Molecule snapshot by explosion
Important step in filming chemical reactions
Date:
February 22, 2022
Source:
Goethe University Frankfurt
Summary:
An international team of scientists has taken a snapshot of a
cyclic molecule using a novel imaging method. Researchers used the
world's largest X-ray laser to explode the molecule iodopyridine
in order to construct an image of the intact molecule from the
resulting fragments.
FULL STORY ========================================================================== Exploding a photo subject in order to take its picture? An international research team at the European XFEL, the world's largest X-ray laser,
applied this "extreme" method to take pictures of complex molecules. The scientists used the ultra-bright X-ray flashes generated by the
facility to take snapshots of gas-phase iodopyridine molecules at atomic resolution. The X-ray laser caused the molecules to explode, and the
image was reconstructed from the pieces. "Thanks to the European XFEL's extremely intense and particularly short X-ray pulses, we were able to
produce an image of unprecedented clarity for this method and the size
of the molecule," reports Rebecca Boll from the European XFEL, principal investigator of the experiment and one of the two first authors of the publication in the scientific journal Nature Physics in which the team describes their results. Such clear images of complex molecules have
not been possible using this experimental technique until now.
==========================================================================
The images are an important step towards recording molecular movies, which researchers hope to use in the future to observe details of biochemical
and chemical reactions or physical changes at high resolution. Such films
are expected to stimulate developments in various fields of research. "The method we use is particularly promising for investigating photochemical processes," explains Till Jahnke from the European XFEL and the Goethe University Frankfurt, who is a member of the core team conducting the
study. Such processes in which chemical reactions are triggered by light
are of great importance both in the laboratory and in nature, for example
in photosynthesis and in visual processes in the eye. "The development of molecular movies is fundamental research," Jahnke explains, hoping that
"the knowledge gained from them could help us to better understand such processes in the future and develop new ideas for medicine, sustainable
energy production and materials research." In the method known as Coulomb explosion imaging, a high-intensity and ultra- short X-ray laser pulse
knocks a large number of electrons out of the molecule.

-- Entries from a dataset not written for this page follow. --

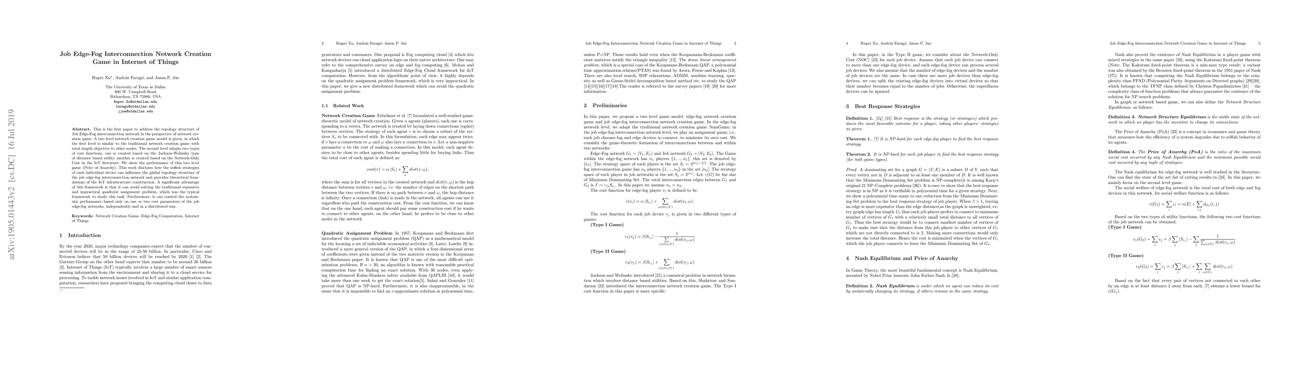 This paper introduces a two-level network creation game model to study the topology structure of Job Edge-Fog interconnection networks in IoT, providing theoretical foundations for infrastructure construction.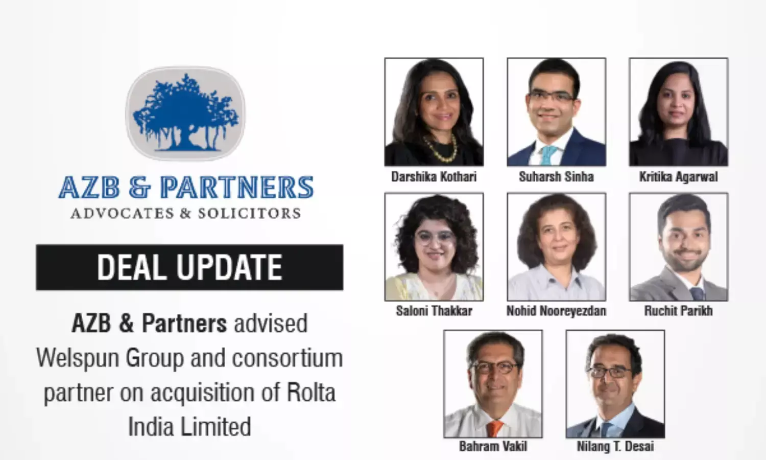 AZB & Partners advised Welspun Group and consortium on Rolta India acquisition under CIRP resolving INR 14,074 cr debt.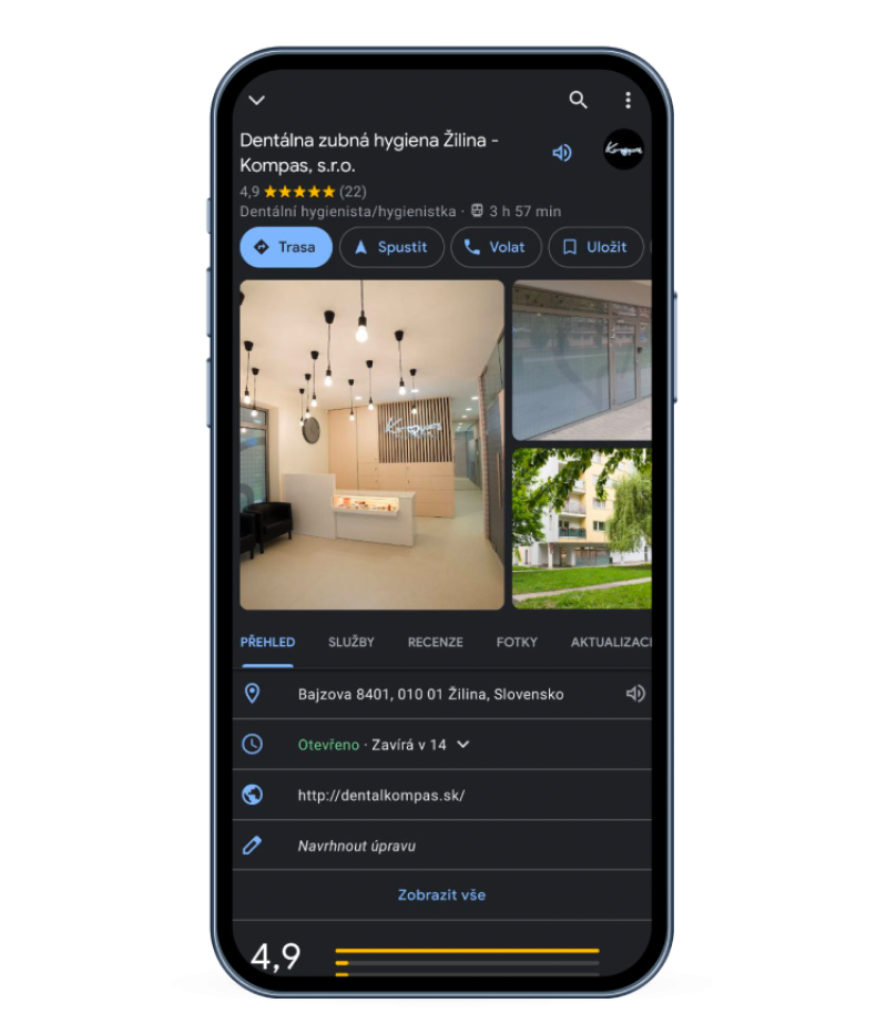 Kompletní aktualizací prošla také prezentace firmy na Google My Business, kde jsme vyplnili důležité údaje, přidali atraktivní fotky a nastartovali sběr recenzí. Statistiky totiž mluví jasně. Více než 90 % nových zákazníků se začte do recenzí, než o služby vůbec projeví zájem.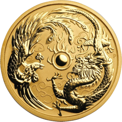 Seit 2018 wird die Münze Drache und Phönix von Perth Mint in der Stückelung 1 oz verausgabt.  Auf diesem Sammlerstück sind die Fabelwesen der Drache und der Phönix zusehen. Sie stehen sinnbildlich für Weisheit und Erleuchtung. Der Drache gilt in der chinesischen Kultur oft als Symbol für Macht, Reichtum, Stärke und Glück. In der Mitte ist eine flammende Perle zu sehen. Die Goldmünze besitzt eine Feinheit von 999,9/1000.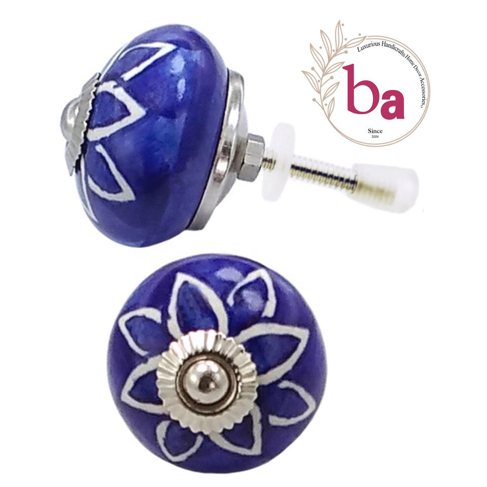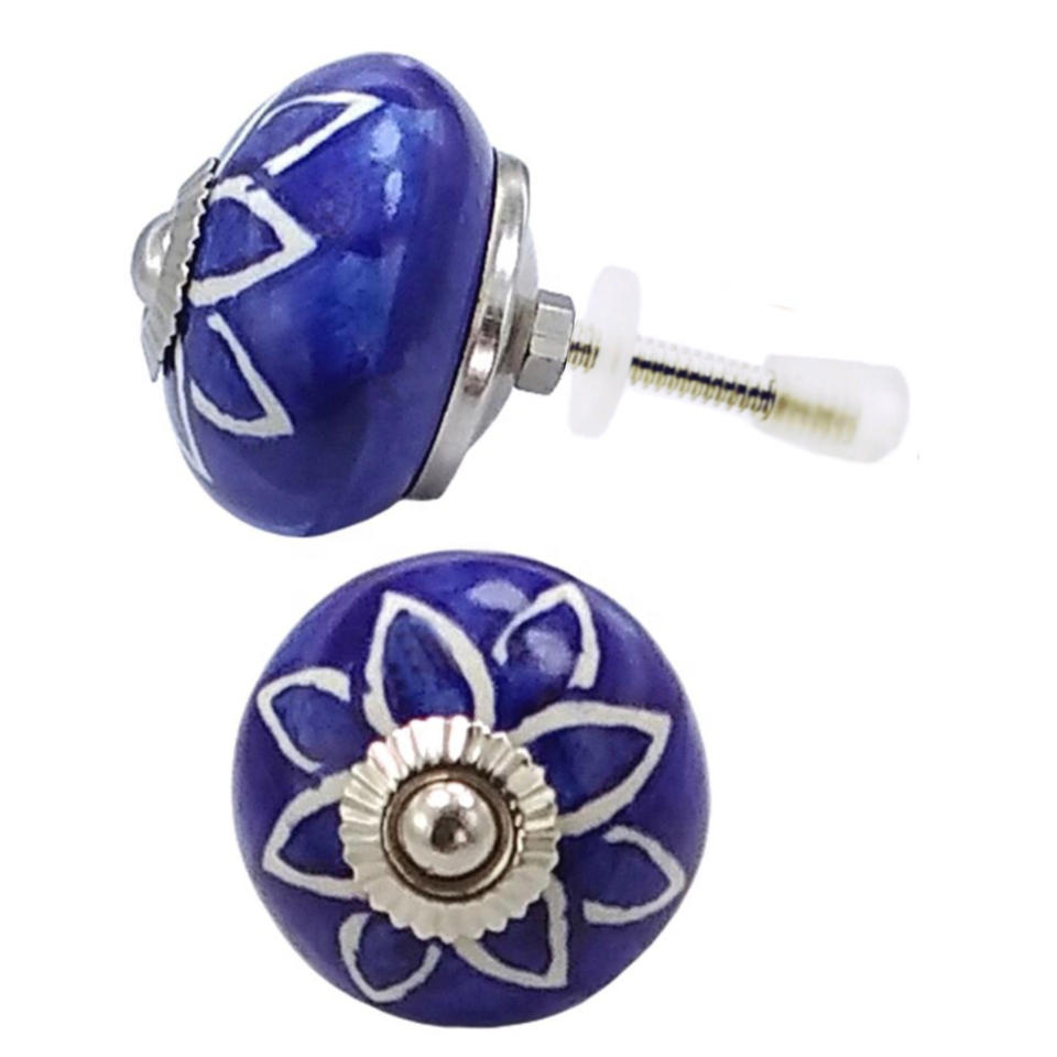 Blue Floral Round Ceramic Knobs for Kitchen Bedroom Living Room Outdoor Warehouse Villa Dresser Door Drawer Cabinet Handle Pulls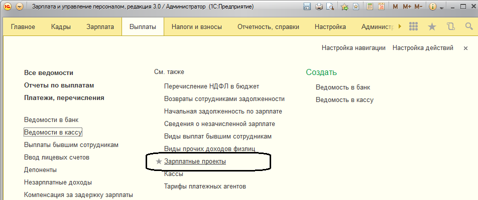 Справочник "Зарплатные проекты" доступен в разделе "Выплаты".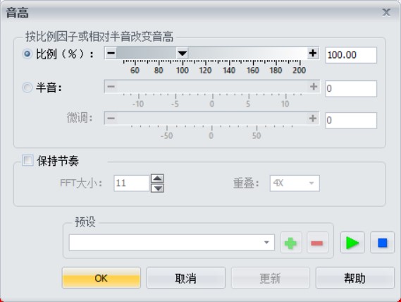 打开GoldWave中文版,在菜单栏中选择“效果—音高”,在音高窗口中,选择半音。如果想要变成小孩子一样清脆的声音,男生可以增加8个音节,女声则增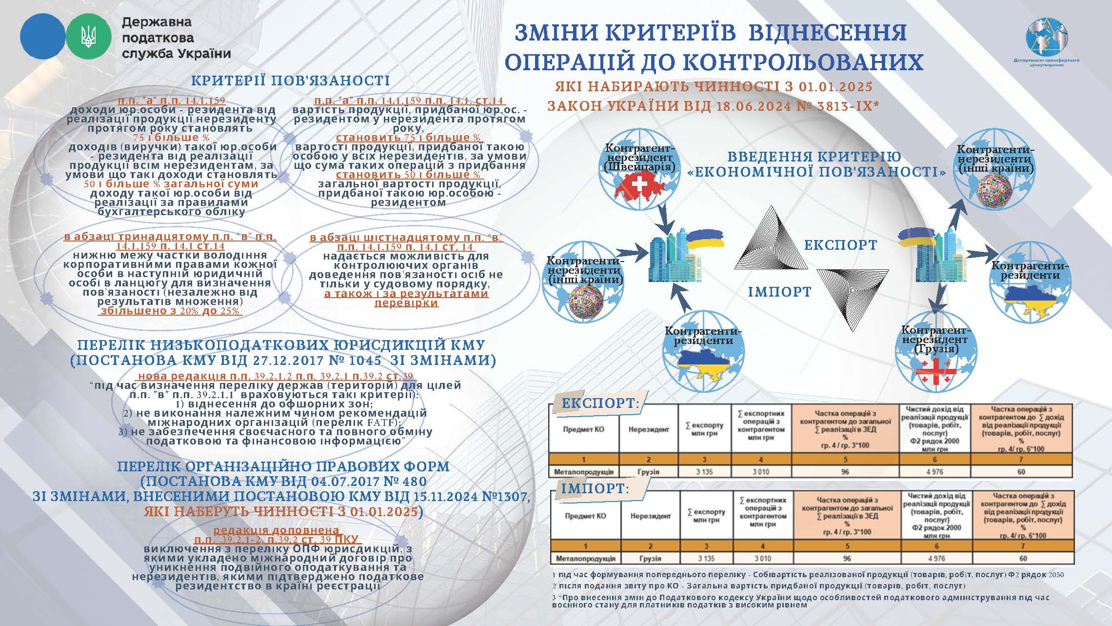 Крім того, з 01.01.2025 згідно з абзацом сьомим підпункту 1 пункту 2 розділу І Закону № 3813 до абзацу шістнадцятого підпункту «в» підпункту 14.1.159 пункту 14.1 статті 14 будуть внесені зміни щодо можливості для контролюючих органів доказувати пов’язаність осіб не тільки у судовому порядку, а також і за результатами перевірки.

Due to the strong electrostatic repulsion between the remaining,
positively charged atoms, the molecule explodes within a few femtoseconds
-- a millionth of a billionth of a second. The individual ionised
fragments then fly apart and are registered by a detector.
"Up to now, Coulomb explosion imaging was limited to small molecules
consisting of no more than five atoms," explains Julia Scha"fer from
the Center for Free- Electron Laser Science (CFEL) at DESY, the other
first author of the study.
"With our work, we have broken this limit for this method." Iodopyridine (C5H4IN) consists of eleven atoms.
The film studio for the explosive molecule images is the SQS (Small
Quantum Systems) instrument at the European XFEL. A COLTRIMS reaction microscope (REMI) developed especially for these types of investigations applies electric fields to direct the charged fragments onto a
detector. The location and time of impact of the fragments are determined
and then used to reconstruct their momentum -- the product of mass and
velocity -- with which the ions hit the detector. "This information can be
used to obtain details about the molecule, and with the help of models,
we can reconstruct the course of reactions and processes involved," says
DESY researcher Robin Santra, who led the theoretical part of the work.
Coulomb explosion imaging is particularly suitable for tracking very
light atoms such as hydrogen in chemical reactions. The technique enables detailed investigations of individual molecules in the gas phase, and
is therefore a complementary method for producing molecular movies,
alongside those being developed for liquids and solids at other European
XFEL instruments.
"We want to understand fundamental photochemical processes in detail. In
the gas phase, there is no interference from other molecules or the environment. We can therefore use our technique to study individual,
isolated molecules," says Jahnke. Boll adds: "We are working on
investigating molecular dynamics as the next step, so that individual
images can be combined into a real molecular movie, and have already
conducted the first of these experiments." The investigations involved researchers from Universita"t Hamburg, the Goethe University Frankfurt,
the University of Kassel, Jiao Tong University in Shanghai, Kansas
State University, the Max Planck Institutes for Medical Research and for Nuclear Physics, the Fritz Haber Institute of the Max Planck Society, the
US accelerator laboratory SLAC, the Hamburg cluster of excellence CUI:
Advanced Imaging of Matter, the Center for Free-Electron Laser Science
at DESY, DESY and the European XFEL.
========================================================================== Story Source: Materials provided by Goethe_University_Frankfurt. Note:
Content may be edited for style and length.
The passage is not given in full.